▶ **Task item**: Output the whole listing exactly, except for the pictures in it.

▶ **Source records**:
++++++++++++++++++++

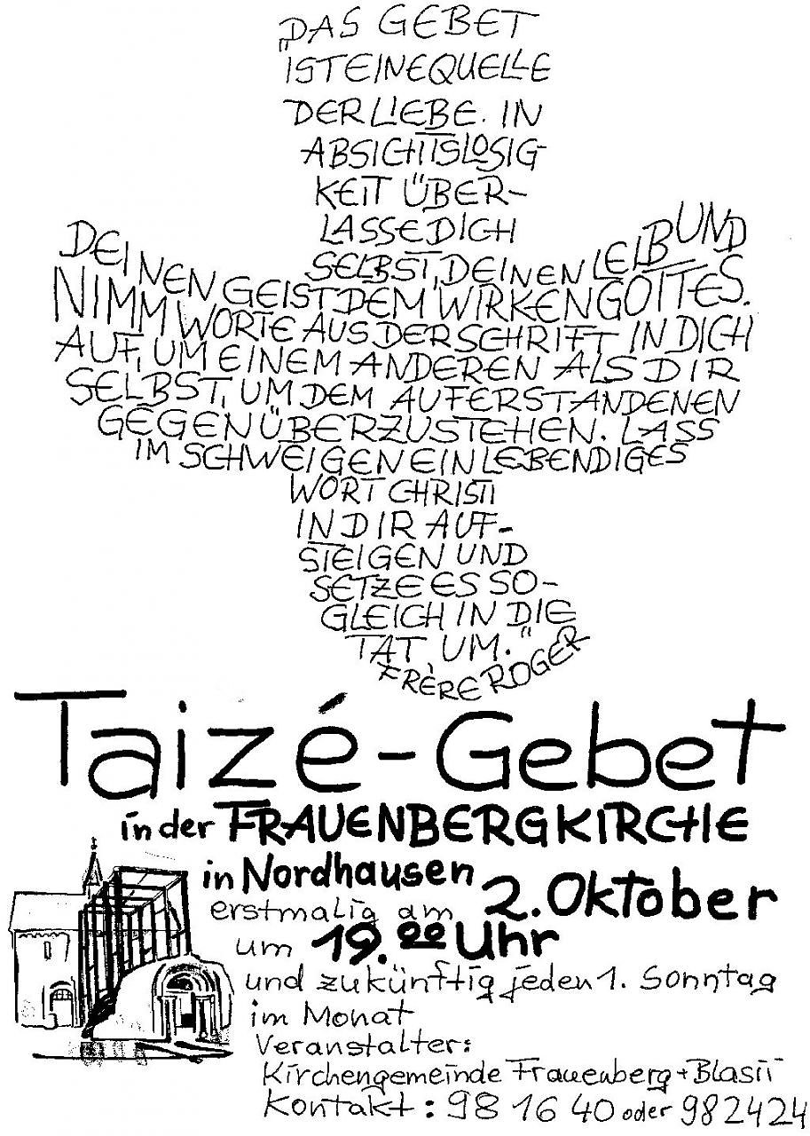 Diese "Kraft-Tankstelle" soll nun auch in Nordhausen spürbar werden: einfache Gesänge, meditatives Gebet und Stille vor dem Kreuz aus Taizé können sammeln und stärken für eine neue Woche. Alle, die die einprägsamen Gesänge aus Taizé schon lange mögen oder die diese Form des Gebets einfach miterleben und ausprobieren möchten, sind herzlich eingeladen: am Sonntag, dem 02. Oktober um 19.00 Uhr in der Frauenberg-Kirche - und dann jeden ersten Sonntag im Monat!
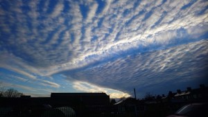 A mackerel sky over Stoke today. A plane had flown through it leaving a slice of blue sky through the blue and white. These clouds usually happen when a weather front passes over the land I think I remember. To me it looked like a huge swans wing was covering the city. The low sun sparkled off sections of it, but as the sun started to set the cloud got darker and moved further over us, the feathery sections moving Eastward away from the sunset.The forecast is for possible rain showers and strong winds tomorrow
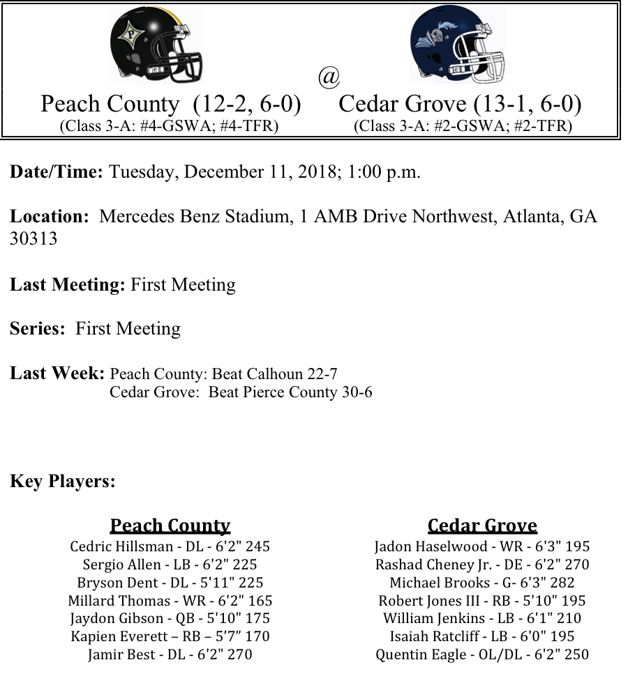 Our GHSA 3-A-Finals playoff preview is listed below. The Cedar Grove Saints will face the Peach County Trojans. The Trojans are back in the finals for the second consecutive year, while the Saints are in the finals for the second time in three seasons. Will this be an offensive explosion or a defensive struggle. Best of luck to both Cedar Grove and Peach County and their respective communities as they compete on Tuesday, December 11th.
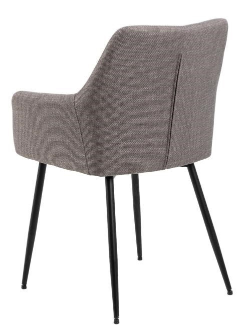 Židle do jídelny Lizzy s područkami potažená látkou Basel brown 34 je vyrobena z černé matné práškově lakované základny a má zip na zadní straně čalouněného opěradla. Charakterizované nadčasovou elegancí, klasické křeslo s područkami je čalouněné silnou šedo-hnědou látkou s dvoubarevným efektem. Dodává to projektu pěkný, uspořádaný vzhled. Doplněné štíhlými nohami z černé oceli, židle získává univerzální vzhled, který se hodí do různých stylů jídelen. Hlavní vlastnosti: Jídelní židle s područkami s elegantním a univerzálním vzhledem, čalouněná strukturovanou látkou v šedo-hnědé barvě s dvoubarevným efektem. Max. zatížení 110 kg. Židle vyžaduje montáž. Hmotnost židle: 5,3 kg. Šířka sedáku: 42,5 cm Hloubka sedáku: 44 cm Výška opěradla: 39 cm Výška područek od sedáku: 17 cm. Hloubka područek: 30 cm Max. 2 ks v kartonu Karton: 60x60x52 cm
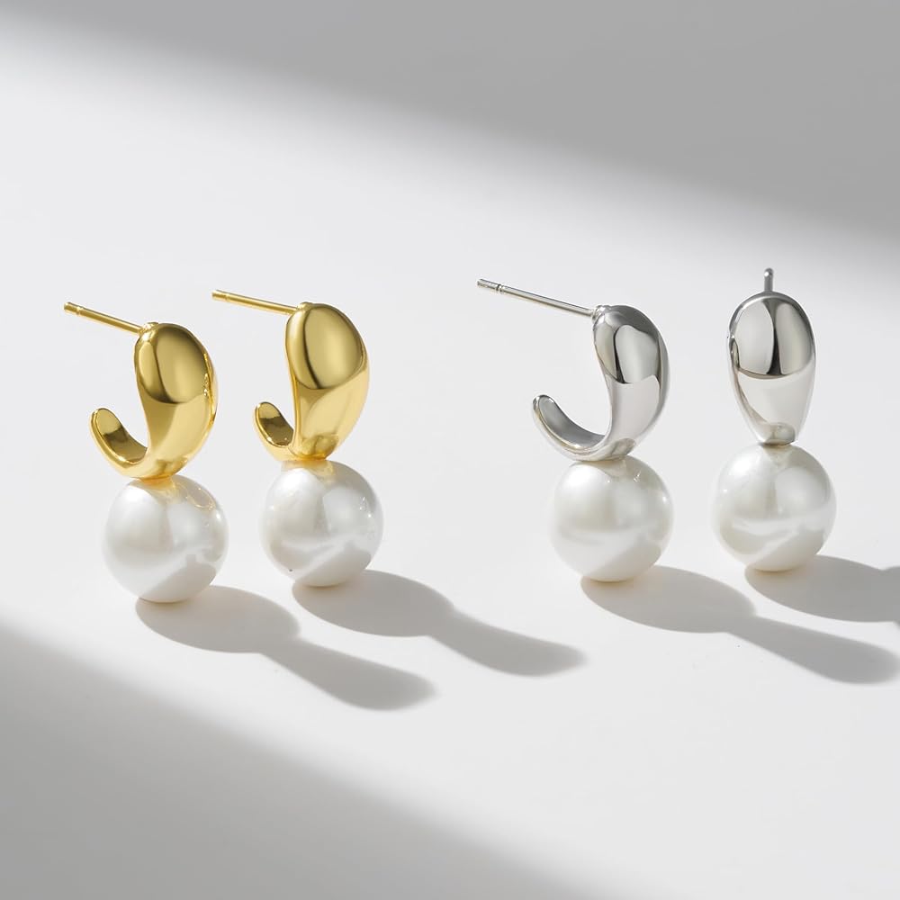 【Must Have Pearl Hoop Earrings】:These pearl hoop earrings are crafted from high-shine shell pearls, exuding an air of elegance. They are the epitome of understated sophistication and are ideal for daily wear, adding a touch of refinement to any outfit.

++++++++++++++++++++

▶ **Answer**:
 Diese "Kraft-Tankstelle" soll nun auch in Nordhausen spürbar werden: einfache Gesänge, meditatives Gebet und Stille vor dem Kreuz aus Taizé können sammeln und stärken für eine neue Woche. Alle, die die einprägsamen Gesänge aus Taizé schon lange mögen oder die diese Form des Gebets einfach miterleben und ausprobieren möchten, sind herzlich eingeladen: am Sonntag, dem 02. Oktober um 19.00 Uhr in der Frauenberg-Kirche - und dann jeden ersten Sonntag im Monat!
 A mackerel sky over Stoke today. A plane had flown through it leaving a slice of blue sky through the blue and white. These clouds usually happen when a weather front passes over the land I think I remember. To me it looked like a huge swans wing was covering the city. The low sun sparkled off sections of it, but as the sun started to set the cloud got darker and moved further over us, the feathery sections moving Eastward away from the sunset.The forecast is for possible rain showers and strong winds tomorrow
 Our GHSA 3-A-Finals playoff preview is listed below. The Cedar Grove Saints will face the Peach County Trojans. The Trojans are back in the finals for the second consecutive year, while the Saints are in the finals for the second time in three seasons. Will this be an offensive explosion or a defensive struggle. Best of luck to both Cedar Grove and Peach County and their respective communities as they compete on Tuesday, December 11th.
 Židle do jídelny Lizzy s područkami potažená látkou Basel brown 34 je vyrobena z černé matné práškově lakované základny a má zip na zadní straně čalouněného opěradla. Charakterizované nadčasovou elegancí, klasické křeslo s područkami je čalouněné silnou šedo-hnědou látkou s dvoubarevným efektem. Dodává to projektu pěkný, uspořádaný vzhled. Doplněné štíhlými nohami z černé oceli, židle získává univerzální vzhled, který se hodí do různých stylů jídelen. Hlavní vlastnosti: Jídelní židle s područkami s elegantním a univerzálním vzhledem, čalouněná strukturovanou látkou v šedo-hnědé barvě s dvoubarevným efektem. Max. zatížení 110 kg. Židle vyžaduje montáž. Hmotnost židle: 5,3 kg. Šířka sedáku: 42,5 cm Hloubka sedáku: 44 cm Výška opěradla: 39 cm Výška područek od sedáku: 17 cm. Hloubka područek: 30 cm Max. 2 ks v kartonu Karton: 60x60x52 cm
 【Must Have Pearl Hoop Earrings】:These pearl hoop earrings are crafted from high-shine shell pearls, exuding an air of elegance. They are the epitome of understated sophistication and are ideal for daily wear, adding a touch of refinement to any outfit.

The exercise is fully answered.